Dongion swelled. “I have prepared a full report for the Queen and I am eager to return. As a collective, we could take victory over the humans and make this dying planet healthy again.”

“You will personally make your report to the Queen. Is your pod still intact?”

HE would make his report to the Queen?! Dongion almost jumped for joy! What an honor! He had to take a moment to calm himself, so his childish giddy wouldn’t seep through his voice. “My pod is intact under a nearby bridge.” The underside of the bridge was chalk full of trash, so his pod went overlooked by the humans. He wanted to lay his pod down in a corn field, but someone else was occupying it. He would’ve liked the corn field, it wouldn’t have been as stinky as the underside of the bridge.

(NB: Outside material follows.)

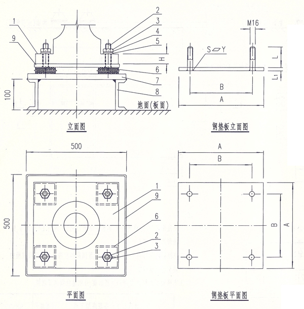 水泵減震隔振墊安裝示意圖

“Take your pod to the Aurora Borealis. We will pick you up there. Mothership out.”

The communicator fell silent, but Dongion held it like he were holding a trophy. He had finally done it. He had finally done something for the good of the collective! “We will thrive if we’re able to save this planet.” Donigon turned his gaze up toward the hazy blue sky. A smog of pollutants was blurring the beauty of the clouds drifting overhead. He’d go back, report to the Queen, and the takeover would begin. The humans wouldn not suspect a thing.